I saw an interesting chart fly by recently from a tweet by Juliaen Jomaux, taken from the recent IEA Renewables report (page 57),
What does this chart tell us?
The key thing that attracted my attention was how in China, the use of fixed-tariffs / premiums, where anyone building a renewables project gets a fixed amount of money per unit of energy delivered or installed for example, is dominant.
I’m in Europe, where we also used to have various fixed tariffs for projects, until in auctions became more popular.
As I understand auctions in Europe have largely been designed along these lines:
- a country says they want to by a given amount of power,
- they then invite participants in the auction to submit a bid, where they say how much they think they can deliver power for
- participants bid
- the winning bids get the contract to deliver the power
So for example, Germany, might say:
“we need 500 MWh of clean energy, every year, for the next 15 years please”.
One various provider might submit a bid, saying they can deliver the power at say… 90 EUR per MWh, and another might say they can deliver it at 70 EUR per MWh. The winner is usually the one who is able to deliver at the lowest price, and also looks like they’re actually capable of delivering.
These are good for bringing down the price of energy on one level, because the competition forces the actors to come in at as low a price point as they can, to win a project. However the flip side is that it can restrict who gets to take part, because submitting a bid is a risky prospect, and not every organisation can survive spending loads of time and effort submitting a bid, losing, it, and then not having any stream of revenue to keep them afloat.
In the Europe until the mid 2010’s, a range of predefined (and to be honest, quite generous) fixed tariffs meant that you had a wide range of actors generating energy, including smaller, community energy organisations and cooperatives, as well as huge corporations.
With the switch to auctions, many smaller providers have dropped out now, leaving only large firms who can afford to lose a few bids to take part. In Europe there are still a few other ways for community energy organisations to take part in the provision of energy, but as the chart above shows, auctions are now much more common.
Yes, this is an oversimplification. You might have multiple winners in an auction, like the top N bids winning, but the key point is that the auction introduces the the idea of actors with losing bids, who come away with nothing.
I understand that auctions might be a way to get better priced energy if you’re a state, but then I see China’s fixed tariff approach, and if you look at the data, you can see that China is deploying much, much more renewable energy than anyone else.

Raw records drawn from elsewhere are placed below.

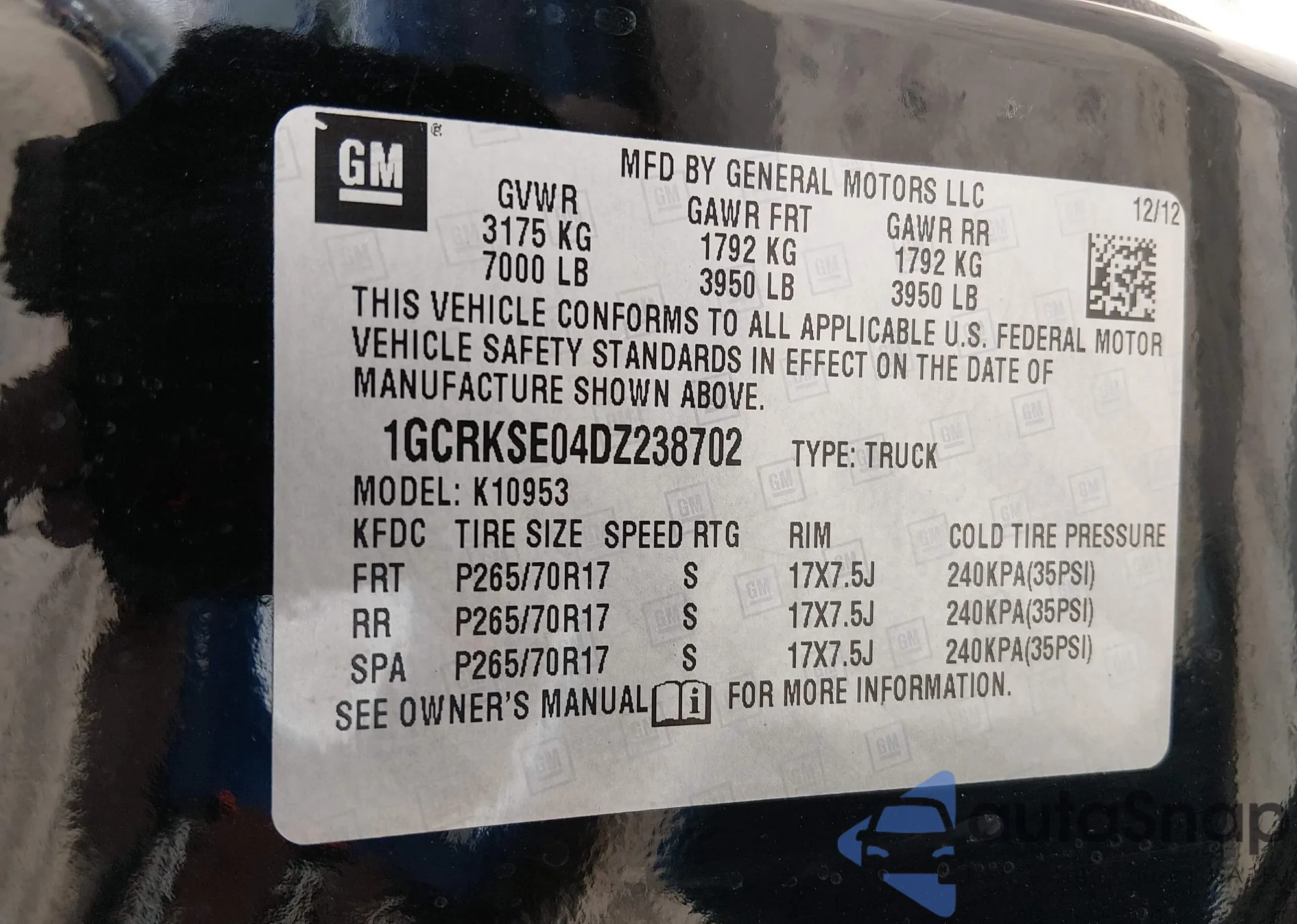 • VIN 1GCRKSE04DZ238702
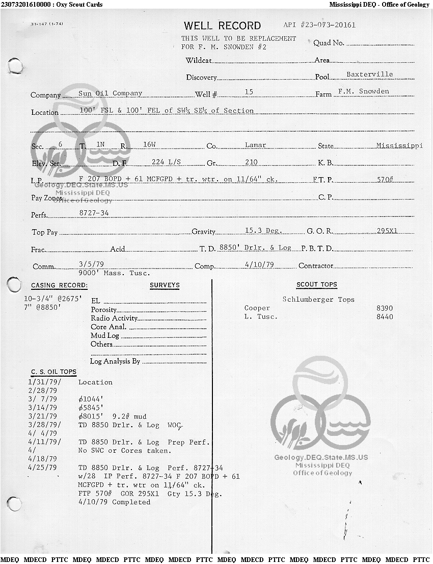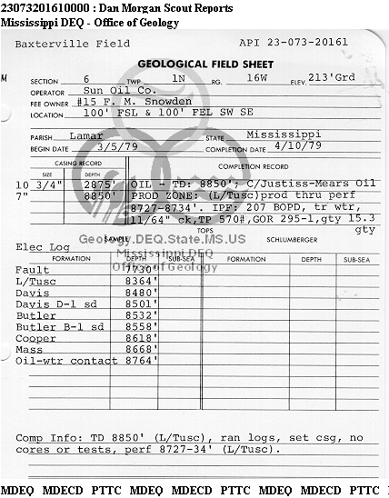 | 1 | 23073201610000 | TELLUS OPERATING GROUP LLC | F M SNOWDEN | 15 | Oil Production |
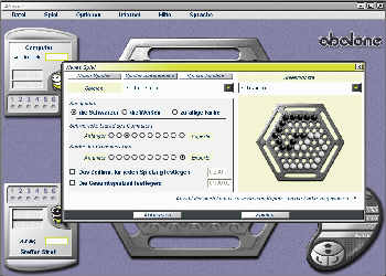 Einmal im Spiel, dürfen vor dem Start diverse Grundeinstellungen vorgenommen werden. Die Wahl von Spielername und –farbe ist dabei Routine, interessanter die Beschränkung der Zeit für Spielzug und Gesamtspiel, vergleichbar einer Schachuhr. Auch die Spielstärke des Computergegners kann in stolzen 10 Stufen eingestellt werden, gleiches gilt für das Niveau der Spielhilfe. Als letztes kann aus einem großen Fundus von Startaufstellungs-Varianten für die Spielkugeln gewählt werden (dazu später mehr).
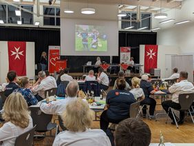 Diözesanleiter Dr. Johann Rotger van Lengerich begrüßte die Teilnehmenden und beglückwünschte zunächst die neu gewählte Diözesanjugendsprecherin Jasmin Sanders aus der Gliederung Bockhorst-Rhauderfehn zu ihrer Wahl. In dem Tätigkeitsbericht zu den Jahren 2021 und 2022 blickte Dr. van Lengerich auf eine bewegte Zeit in der Diözese zurück. Die Malteser standen in den beiden Corona-Jahren vor großen Herausforderungen wie dem Aufbau von Impfzentren, das Umdenken in den Diensten, die nicht mehr in Präsenz stattfinden konnten und die Umgestaltung der Führungsebene auf Ortsebene hin zu Ortsvorständen. „Die zahlreichen und vielfältigen Aufgaben eines Ortsbeauftragten können in der heutigen Zeit nicht mehr nur auf den Schultern einer Person lasten. Suchen Sie sich Unterstützung für die Führung Ihrer Ortsgliederungen, um sich für die Zukunft aufzustellen,“ gibt Dr. van Lengerich zu bedenken.
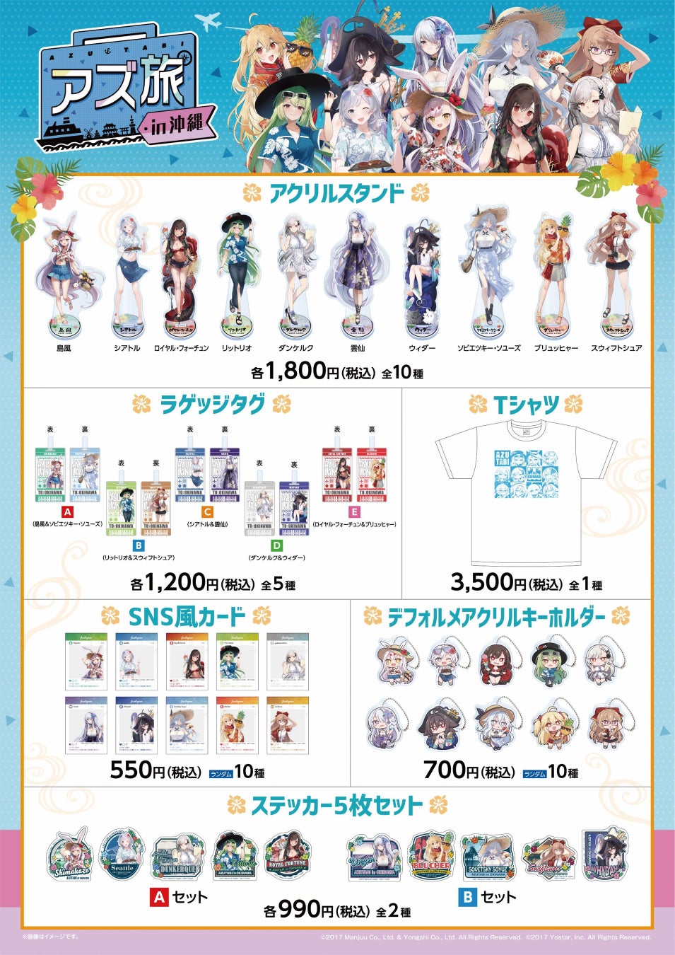 アズールレーン特典付きの入館チケットの販売の他、アズールレーンコラボ水槽の展示やキャラクターグリーティング、館内物販コーナーで「アズ旅 in沖縄」オリジナルグッズの販売やスタンプラリーコーナーの設置も実施いたします。
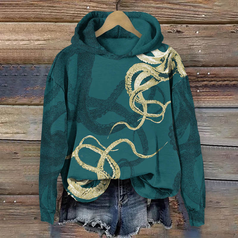 Creative Oil Painting Octopus Tentacles Art Print Long Sleeve Hoodie
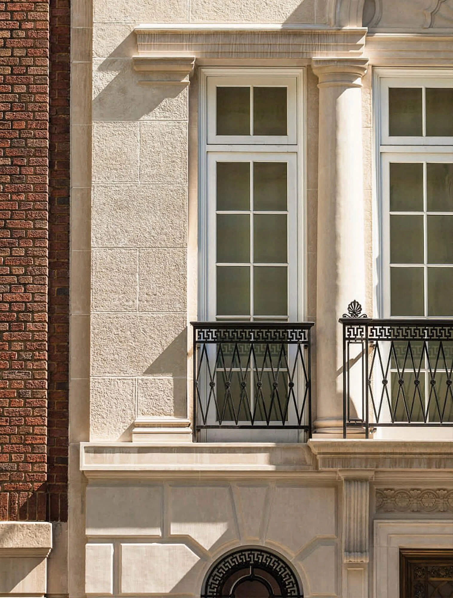 Так, в классической архитектуре лепнина и другие декоративные элементы применяются точечно. Они сосредоточены в строго определённых местах: на капителях (верхних, декоративных частях) колонн, на карнизах, в наличниках окон. Эти места — узлы конструкции: капитель — переход от колонны к потолку, карниз — завершение стены, наличник — обрамление проёма. Поэтому декор тут работает как акцент, оттеняющий конструкцию здания.
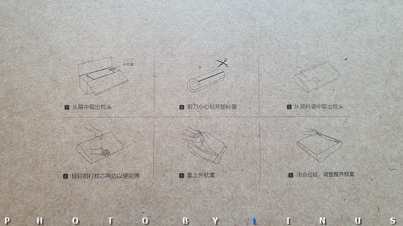 진공포장 비닐을 뜯으니 곧바로 베개가 원래의 형태를 찾아간다.
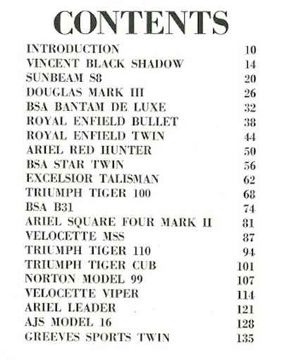 See the contents list. Each bike has a short (two-page) history, then the contemporary road-test from “The Motor Cycle” is reproduced.
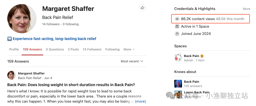 具体的 Profile 信息见下面的截图,可以看到这个账号是上个月注册的,活跃历史并不长。尽管这样,还是在 Quora 上获得了近 9 万次的内容浏览(本月近 5 万次浏览)。
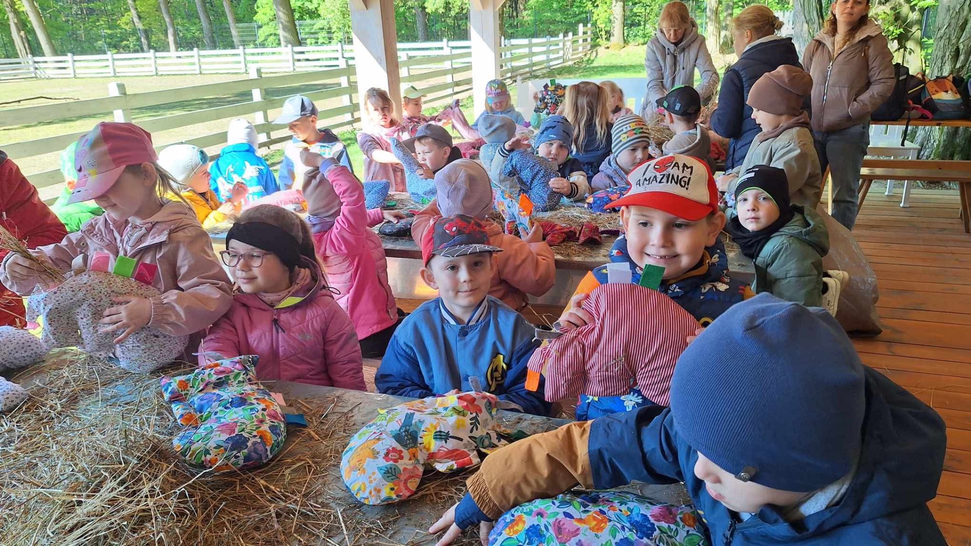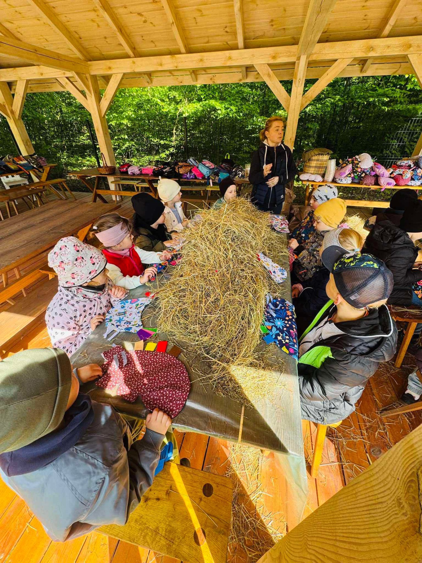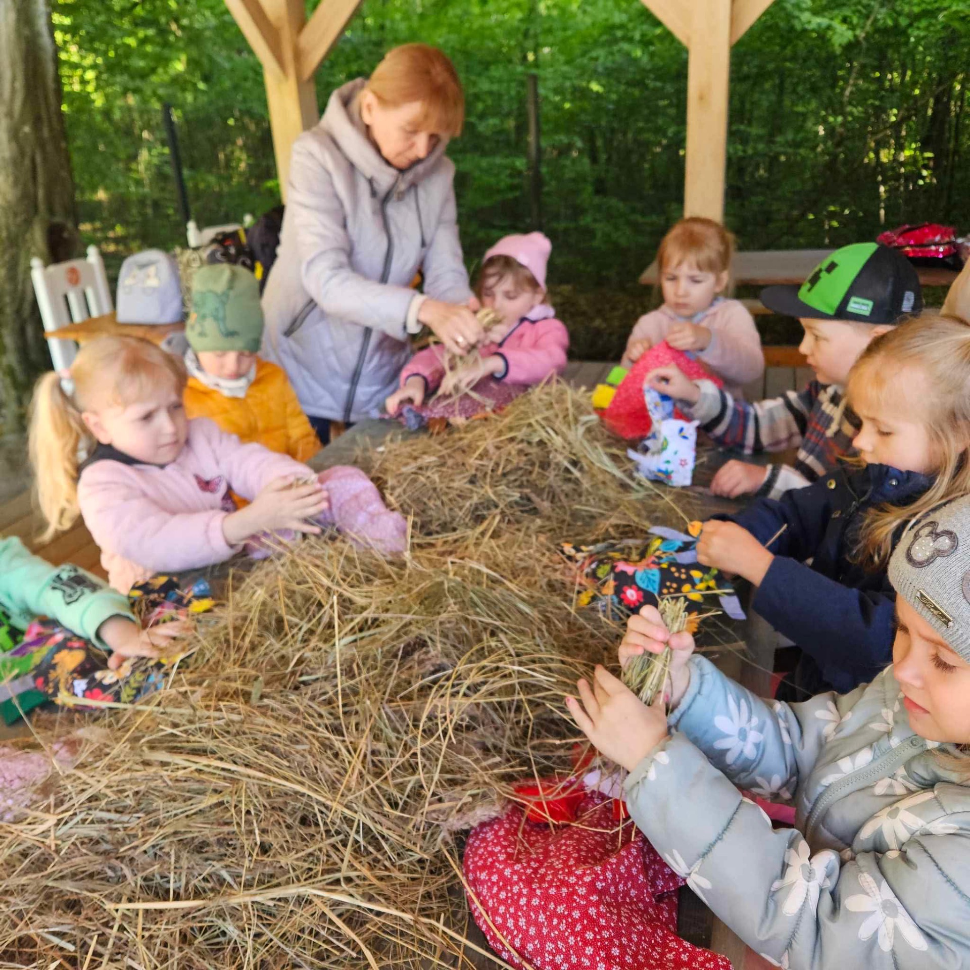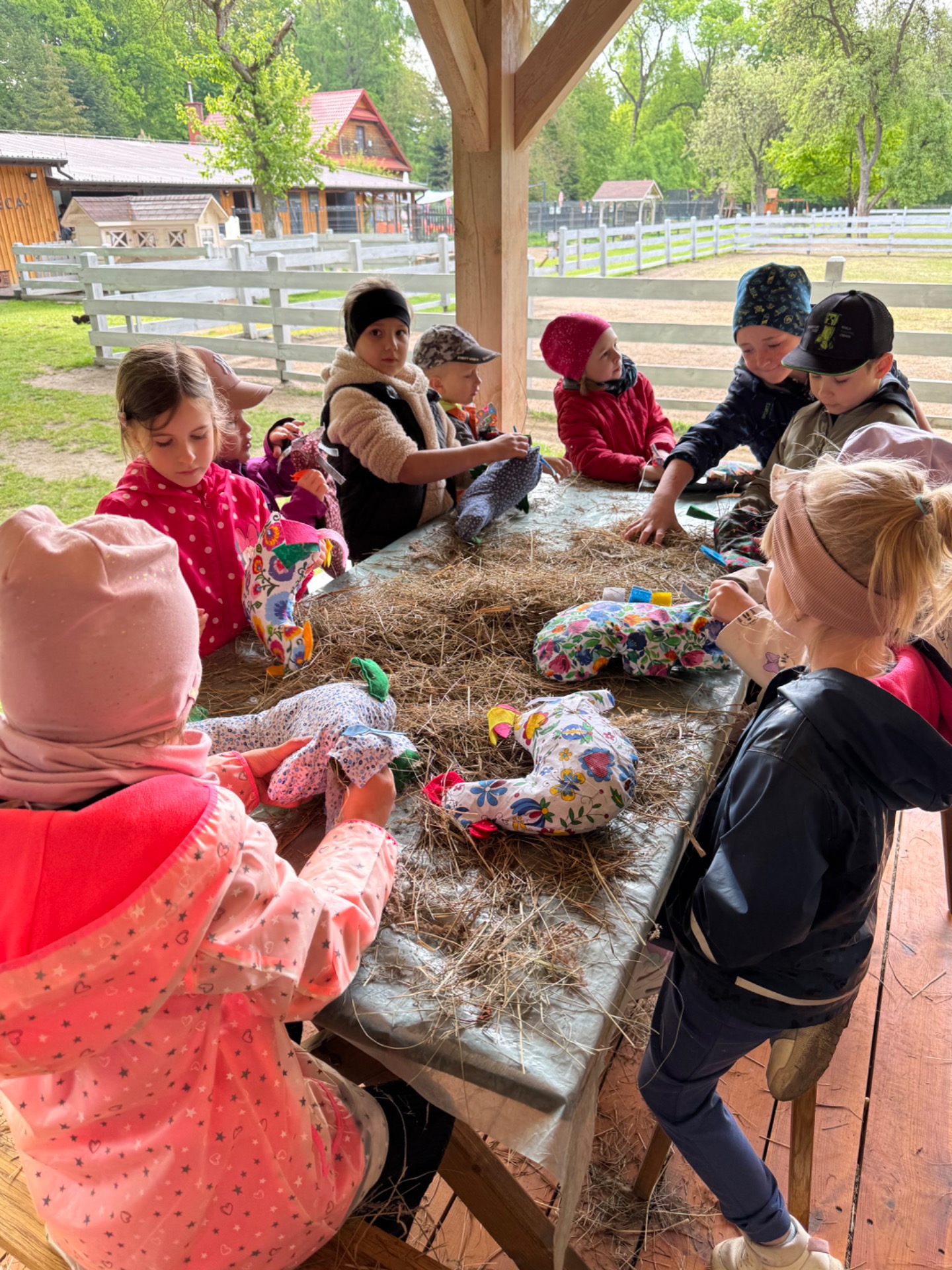 W ramach zajęć edukacyjnych przedszkolaki uczestniczyły także w warsztatach „Zabawka pachnąca sianem”. Dzieci z dużym zaangażowaniem wypychały zabawkę sianem oraz ozdabiały swoją pracę. Miały również możliwość uczestniczenia w plenerze malarskim i zabawach w ogródkach aktywnych.

We know that China has a different economic system to Europe, but I was surprised to see how large a part that the fixed tariffs play.
Is there just more appetite to deploy more renewables to meet growing energy demand, than there is to negotiate for the best prices? You can make the case that they are driving the costs down more than any other nation in 2024 through the volume of their purchases, but it’s not clear how the Chinese government captures those savings if they’re paying a fixed tariff price. Maybe they don’t and just accept this as a cost of industry leadership, trusting that Chinese firms will use the profits to invest in new capacity, and spend the money in their local economies wisely? This is essentially what happens with the IRA in the US where the various subsidies almost guarantee healthy profits for many actors.
I have the IEA report in front of me, but if there are other podcasts, or papers, videos, or blog posts that help explain the different way different countries pay for clean energy, with a particular focus on the role fixed tariffs play in the mid 2020’s, I’d welcome the links.
Update: after reading Brett Christopher’s recent book, The Price is Wrong, I now also wonder if one of the factors here is just predictability of income. I really should write a full post, but in the meantime, one relevant thing I learned is that for renewable projects, the cost of the energy you can sell is a really important factor in getting them built because you almost always need finance to pay to build it. Volatile energy pricing is referred to merchant risk – i.e. a risk that you won’t get paid enough for the energy you generate to make the repayments on finance. China’s approach has been to provide a stable, if not-so-generous tariff, as well as offer cheap loans. The first reduces the merchant risk making the cost of borrowing lower. This is supplemented by explicit cheap loans from the state, make borrowing cheaper still. Both make it more likely that a project is ‘bankable’, and more likely to go ahead.